(Source records)

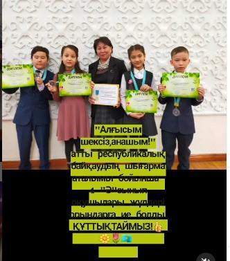 8 наурыз - Халықаралық әйелдер күніне байланысты Республикалық "Жас дарын" дарынды балалар орталығы ұйымдастырған "Алғысым шексіз, анашым!" атты республикалық байқаудың "Шығарма" аталымы бойынша мектебіміздің 4 "Ә"ынып оқушылары:
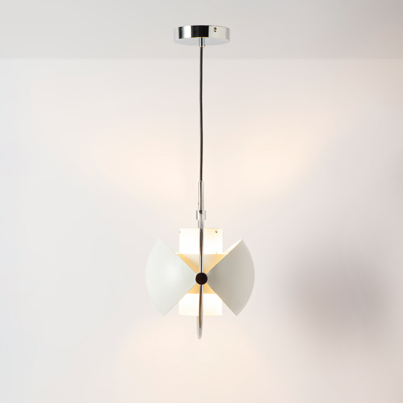- Einzigartiges Design: Zwei halbkugelförmige Schirme, die von einem Metallring gestützt werden, ermöglichen es, das Licht nach oben, unten oder in individuellen Winkeln zu richten, wodurch ein dekorativer asymmetrischer Effekt entsteht.
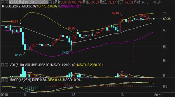 油价格突破周初高点69.1位置,实时现报价69.3一线,欧盘的震荡区间暂定1小时布林带上下轨70-68.4运行,
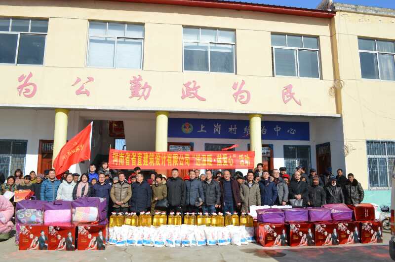 2018年1月10日,河南省省直建筑設(shè)計有限公司組織慰問團(tuán),在總經(jīng)理李建的帶領(lǐng)下奔赴駐馬店市上蔡縣邵店鎮(zhèn)上崗村。上崗村駐村第一書記劉書記和當(dāng)?shù)?ldquo;兩委”班子陪同慰問團(tuán)對37戶特困戶進(jìn)行了慰問。
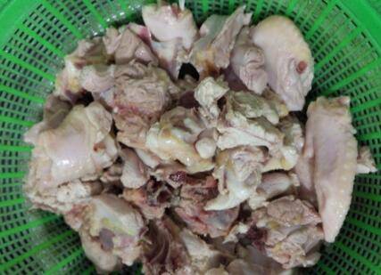 2、半边鸡用小刀去皮,割下肥油,然后切成小块。
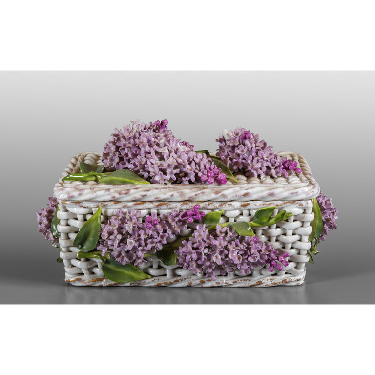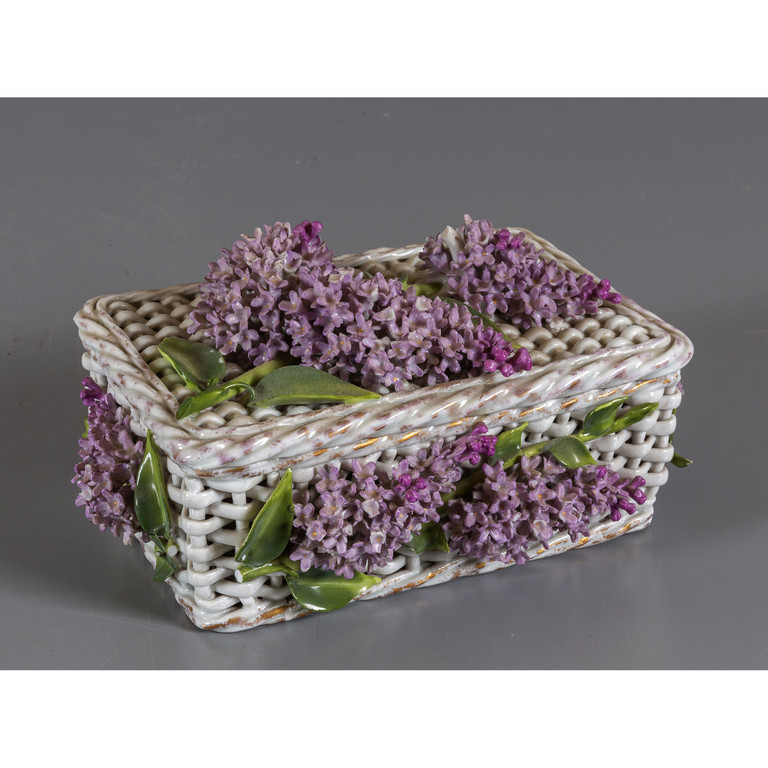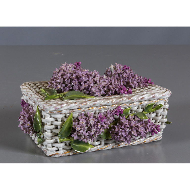 Cestino traforata in porcellana di Meissen con fiori di lillà in rilievo
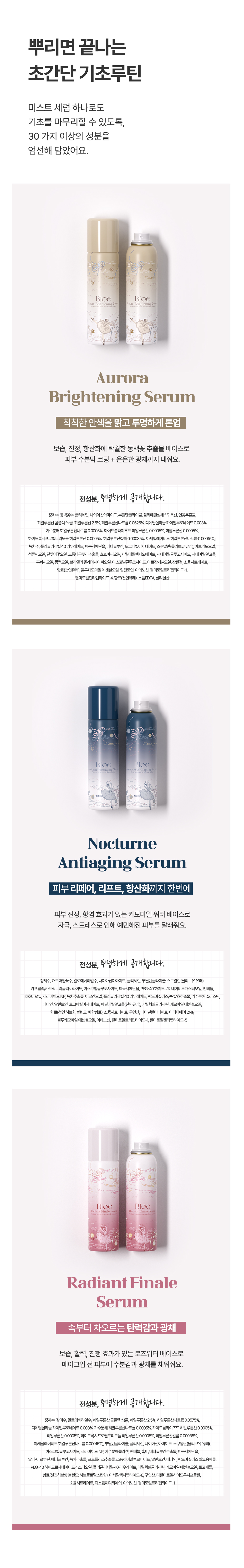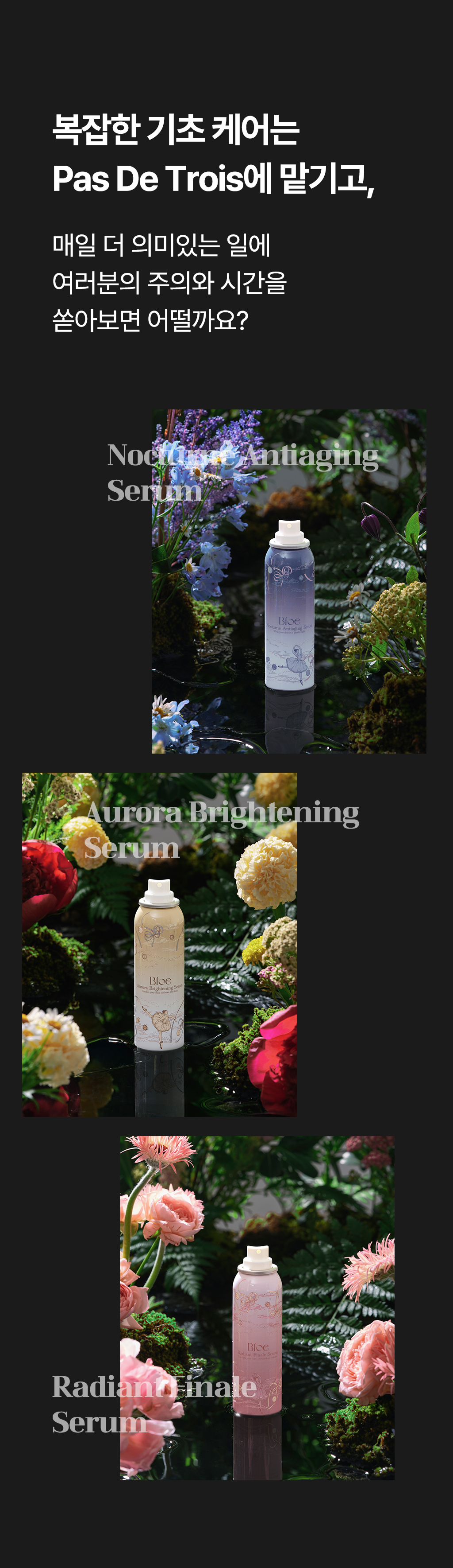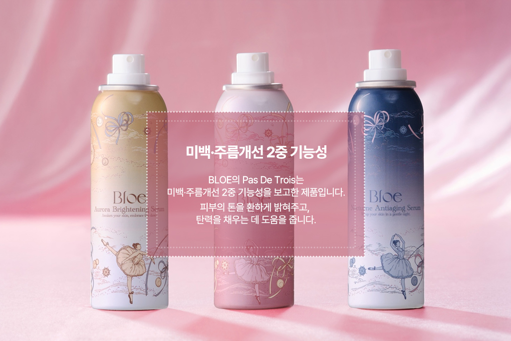 Bloe는 감성과 예술을 담은 프리미엄 뷰티 브랜드로, 피부 본연의 아름다움을 극대화하는 혁신적인 스킨케어 제품을 개발하고 있습니다. 이번 ‘Pas De Trois’ 컬렉션은 ‘세 무용수가 조화를 이루며 추는 춤’이라는 뜻으로, 발레의 우아함과 조화를 모티브로 하여 브라이트닝, 수분진정, 콜라겐 케어를 하나로 연결하여 시너지를 내는 3단계 맞춤 올인원 솔루션입니다.

#### Instructions to follow
Restate the records above word for word. Skip every picture.

#### Solution to this task
 8 наурыз - Халықаралық әйелдер күніне байланысты Республикалық "Жас дарын" дарынды балалар орталығы ұйымдастырған "Алғысым шексіз, анашым!" атты республикалық байқаудың "Шығарма" аталымы бойынша мектебіміздің 4 "Ә"ынып оқушылары:
- Einzigartiges Design: Zwei halbkugelförmige Schirme, die von einem Metallring gestützt werden, ermöglichen es, das Licht nach oben, unten oder in individuellen Winkeln zu richten, wodurch ein dekorativer asymmetrischer Effekt entsteht.
 油价格突破周初高点69.1位置,实时现报价69.3一线,欧盘的震荡区间暂定1小时布林带上下轨70-68.4运行,
 2018年1月10日,河南省省直建筑設(shè)計有限公司組織慰問團(tuán),在總經(jīng)理李建的帶領(lǐng)下奔赴駐馬店市上蔡縣邵店鎮(zhèn)上崗村。上崗村駐村第一書記劉書記和當(dāng)?shù)?ldquo;兩委”班子陪同慰問團(tuán)對37戶特困戶進(jìn)行了慰問。
 2、半边鸡用小刀去皮,割下肥油,然后切成小块。
 Cestino traforata in porcellana di Meissen con fiori di lillà in rilievo
 Bloe는 감성과 예술을 담은 프리미엄 뷰티 브랜드로, 피부 본연의 아름다움을 극대화하는 혁신적인 스킨케어 제품을 개발하고 있습니다. 이번 ‘Pas De Trois’ 컬렉션은 ‘세 무용수가 조화를 이루며 추는 춤’이라는 뜻으로, 발레의 우아함과 조화를 모티브로 하여 브라이트닝, 수분진정, 콜라겐 케어를 하나로 연결하여 시너지를 내는 3단계 맞춤 올인원 솔루션입니다.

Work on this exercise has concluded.